SpaceX's Falcon 9 grounded after failure dooms batch of Starlink satellites
By Joey Roulette and Akash Sriram
WASHINGTON (Reuters) -SpaceX's workhorse Falcon 9 rocket was grounded by the U.S. Federal Aviation Administration (FAA) on Friday after one broke apart in space and doomed its payload of Starlink satellites, the first failure in more than seven years of a rocket relied upon by the global space industry.
Roughly an hour after Falcon 9 lifted off from the Vandenberg Space Force Base in California on Thursday night, the rocket's second stage failed to reignite and deployed its 20 Starlink satellites on a shallow orbital path where they will soon reenter and burn up in Earth's atmosphere.
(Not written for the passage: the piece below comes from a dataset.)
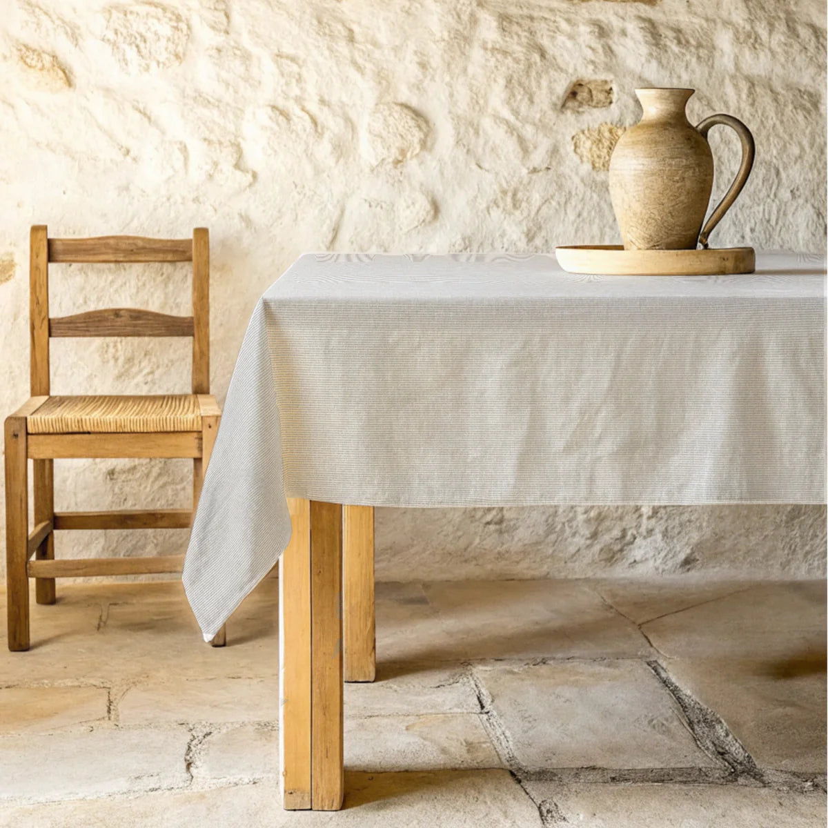 Mantel confeccionado, con acabado hidrófugo anti manchas, lo que hace repeler los líquidos y además, es respetuoso con el medio ambiente.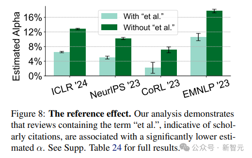 2. 参考文献效应:包含「et al.」一词的评审,即有学术引用的评审,更不会用GPT

The attempt to reignite the engine "resulted in an engine RUD for reasons currently unknown," SpaceX CEO Elon Musk wrote early on Friday on his social media platform X, using an industry acronym for Rapid Unscheduled Disassembly that usually means explosion.
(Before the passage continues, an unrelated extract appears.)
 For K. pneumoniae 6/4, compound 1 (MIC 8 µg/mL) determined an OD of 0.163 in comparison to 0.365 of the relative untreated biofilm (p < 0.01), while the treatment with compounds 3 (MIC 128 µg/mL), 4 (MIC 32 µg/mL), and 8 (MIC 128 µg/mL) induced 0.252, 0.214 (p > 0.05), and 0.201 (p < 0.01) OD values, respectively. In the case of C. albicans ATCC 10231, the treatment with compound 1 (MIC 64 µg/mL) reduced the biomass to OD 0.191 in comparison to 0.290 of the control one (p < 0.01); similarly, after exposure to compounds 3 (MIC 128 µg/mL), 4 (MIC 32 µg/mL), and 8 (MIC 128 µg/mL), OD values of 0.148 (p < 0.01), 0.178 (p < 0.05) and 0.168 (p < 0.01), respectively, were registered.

The Falcon 9 will be grounded until SpaceX investigates the cause of the failure, fixes the rocket and receives the agency's approval, the FAA said in a statement. That process could take several weeks or months, depending on the complexity of the failure and SpaceX's plan to fix it.
The botched mission of the world's most active rocket breaks a success streak of more than 300 straight missions during which SpaceX has maintained its dominance of the launch industry. Many countries and space companies rely on privately owned SpaceX, valued at roughly $200 billion, to send their satellites and astronauts into space.
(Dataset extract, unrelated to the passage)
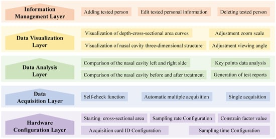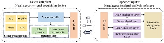 The lower computer of the nasal acoustic signal acquisition device consists of a signal processing unit, a detection unit, a microcontroller, and a USB communication interface. It is used to collect the original acoustic signal in the nasal cavity. The upper computer of the nasal acoustic signal analysis software consists of a hardware configuration layer, a data acquisition layer, a data analysis layer, a data visualization layer, and an information management layer. At the same time, the upper computer of the nasal acoustic signal analysis software acts as the initiator of the acquisition commands and the receiver of the acquired data and is used to analyze and visualize the nasal cavity two-dimensional depth–cross-sectional area curves and the nasal cavity three-dimensional structure reconstruction model.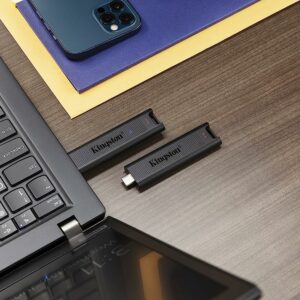 La clé DataTraveler Max de Kingston est une clé USB qui est dotée d’une interface USB 3.1 Type A afin d’offrir des débits de lecture pouvant atteindre 1000 Mo/s et d’écriture de 900 Mo/s. La portabilité et la convivialité sont au cœur du design, comme en témoigne le boîtier rainuré qui protège le connecteur quand la clé n’est pas utilisée et qui se retire aisément d’un seul mouvement.

Musk said SpaceX was updating the software of the Starlink satellites to force their on-board thrusters to fire harder than usual to avoid a fiery atmospheric re-entry.
"Unlike a Star Trek episode, this will probably not work, but it's worth a shot," Musk said.
The satellites' altitude is so shallow that Earth's gravity is pulling them 3 miles (5 km) closer toward the atmosphere with each orbit, SpaceX later said, confirming they would inevitably "re-enter Earth's atmosphere and fully demise."
SpaceX said the second stage's failure occurred after engineers detected a leak of liquid oxygen, a propellant.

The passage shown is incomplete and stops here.